La distribution des courts métrages, en salle, dans les festivals et à la télévision

Le 11 décembre 2019, dans le cadre des rencontres du cinéma francophone liées au festival Dakar court à l’Institut Français de Dakar, cette table-ronde a réuni : M. Moly Kane, président de Dakar Court ; Mme Christine Gendre, responsable du service courts métrages à UniFrance ; Mme Émilie Boucheteil, directrice cinéma à l’Institut français ; Mme Cleli Azokpa, directeur des acquisitions de A+ ; Mme Angèle Paulino, responsable cinéma à TV5 Monde ; M. Sylvain Agbré, directeur de l’exploitation des cinémas Majestic (Côte d’Ivoire) et Mm Dyana Gaye, réalisatrice franco-sénégalaise. La table-ronde était modérée par Mme Claire Diao, journaliste et distributrice Sudu Connexion.

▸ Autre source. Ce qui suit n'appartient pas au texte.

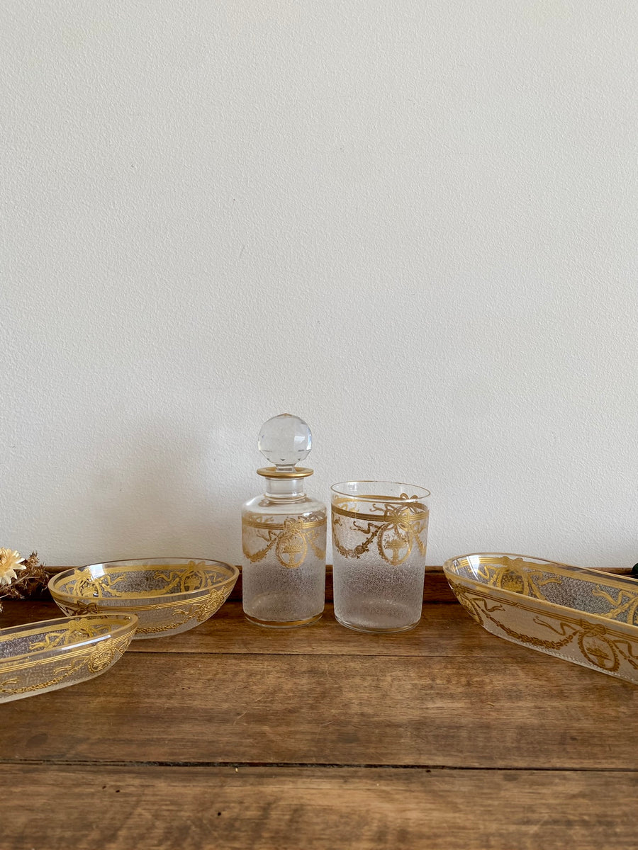 Nous n'avons pu résister face à ce bel ensemble de toilette en cristal Saint Louis signé. Années 1900 époque empire. Délicates frises dorées et dorures anciennes, cet ensemble saura se mêler au moderne et sublimer l'ancien !
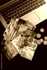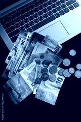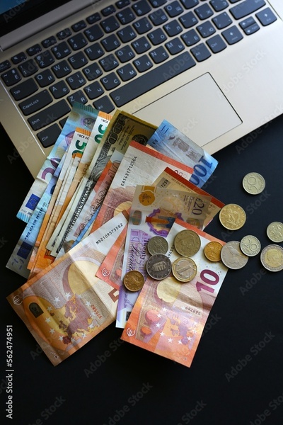 savings money in dollar and euro lie on the table on a dark background. piggy bank
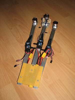 Hier zu sehen die restlichen zwei Arme mit fixierten Motoren.
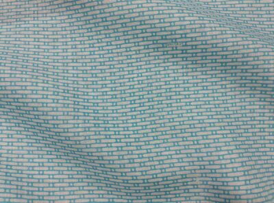Tessuto per camicie in puro lino con motivi geometrici turchesi.Celine.Tessuto di medio peso in puro lino doppio ritorto. Realizzato con la classica armatura a tela dove ogni filo di ordito si intreccia con ogni filo di trama ha mano fresca, lucentezza serica, rigidità e resistenza molto elevata. Perfetto per realizzare abiti, gonne e blouse. Alta Moda Celine
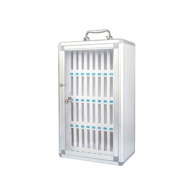 Struttura esterna in lega di alluminio, interno in MDF, pannello porta di apertura in acrilico trasparente e serratura a chiave, con 2 chiavi in dotazione. Celle numerate e personalizzabili. Maniglia in metallo per trasporto. Può essere fissato a parete (tasselli inclusi). Indicati per le scuole, in riferimento alla circolare ministeriale n. 0107190 del 19/12/2022.
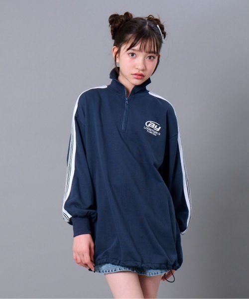 ハーフジップがスタイリッシュに見せてくれるチュニックです。大胆な配色ラインで、スポーティー感あふれる一枚に仕上げました。胸元のロゴ刺しゅうも目を引くポイント。丈が短いボトムを合わせると、ワンピース風のコーデが完成します。【透け感】透けない【生地の厚さ】普通【伸縮性】あり【裏地】なし【ポケット】あり【アジャスター】なし
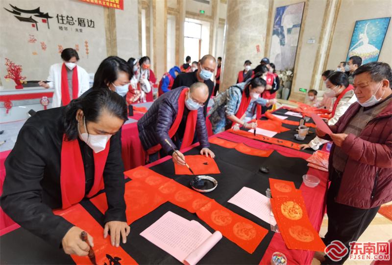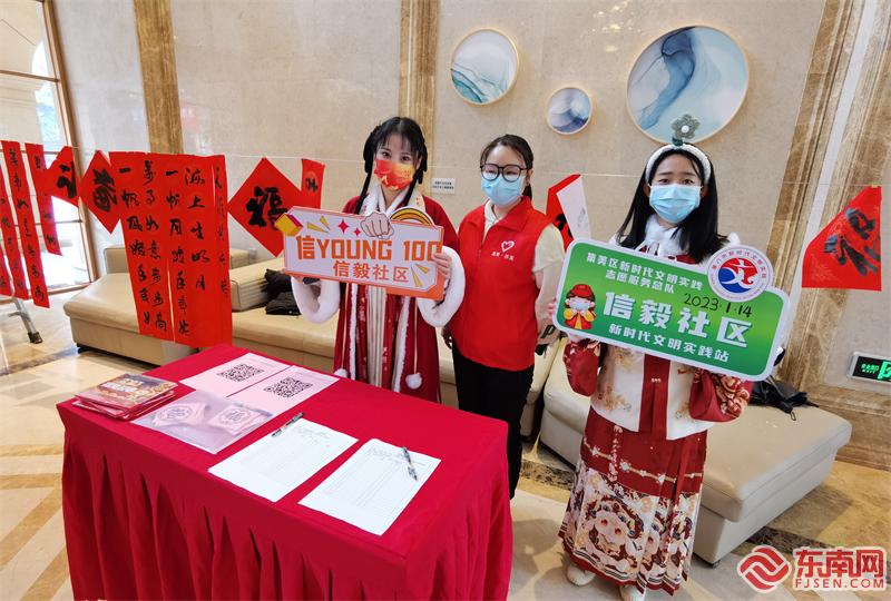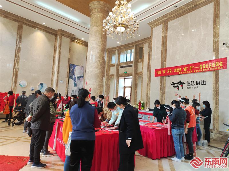 文明風(fēng)1月19日訊 在2023年新春佳節(jié)來臨之際,為弘揚中華傳統(tǒng)福文化,營造歡樂祥和的春節(jié)氛圍,在廈門市集美區(qū)信毅社區(qū)黨支部的組織帶領(lǐng)下,信毅社區(qū)新時代文明實踐站于日前開展“弘揚‘?!幕瑲g度幸‘?!辍毙乓闵鐓^(qū)游園會活動,特邀書畫家和社區(qū)書記現(xiàn)場揮毫潑墨,為居民寫春聯(lián),送“?!弊?。

Claire Diao, journaliste et critique de cinéma, est spécialiste des cinémas d’Afrique et de la diaspora. Elle cofonde en 2015 AWOTELE, revue digitale panafricaine. En 2013, elle propose des courts métrages dans le cadre d’un programme itinérant, Quartiers Lointains, qui circule chaque année entre la France, les États-Unis et plusieurs pays d’Afrique. Elle crée en 2016 Sudu Connexion, société de distribution visant à promouvoir à l’international des cinéastes et des films qui manquent de visibilité d’un continent à l’autre, pour prendre le relai entre réalisateurs et producteurs qui ne connaissent pas les circuits. L’un des enjeux importants de Sudu Connexion est de décloisonner les barrières linguistiques qui tendent à limiter la circulation des films à l’un ou l’autre réseau, qu’il soit francophone ou anglophone, voire lusophone. Le catalogue Sudu Connexion compte une quarantaine de titres, courts et longs-métrages, documentaires et films expérimentaux. Les résultats 2019 sont très encourageants avec 168 sélections en festivals, 39 prix et 12 ventes (TV, VoD, cinémathèque, musée). Zombies de Baloji (Belgique/RDC), film expérimental musical de 14’, est le titre phare du catalogue de la société. C’est au Festival d’Oberhausen 2019 (Allemagne) qu’il est primé pour la première fois. Il totalise depuis près d’une vingtaine de récompenses et de nombreuses autres sélections. « Alors oui, il y a un marché possible pour le court métrage » affirme Claire Diao.

 

Première partie : exploitation en salle et diffusion télé

De gauche à droite : Mme Claire Diao, journaliste et distributrice Sudu Connexion – modératrice ; Mme Dyana Gaye, réalisatrice franco-sénégalaise ; Mme Angèle Paulino, responsable cinéma à TV5 Monde ; M. Sylvain Agbré, directeur de l’exploitation des cinémas Majestic (Côte d’Ivoire) ; Cleli Azokpa, directeur des acquisitions de A+.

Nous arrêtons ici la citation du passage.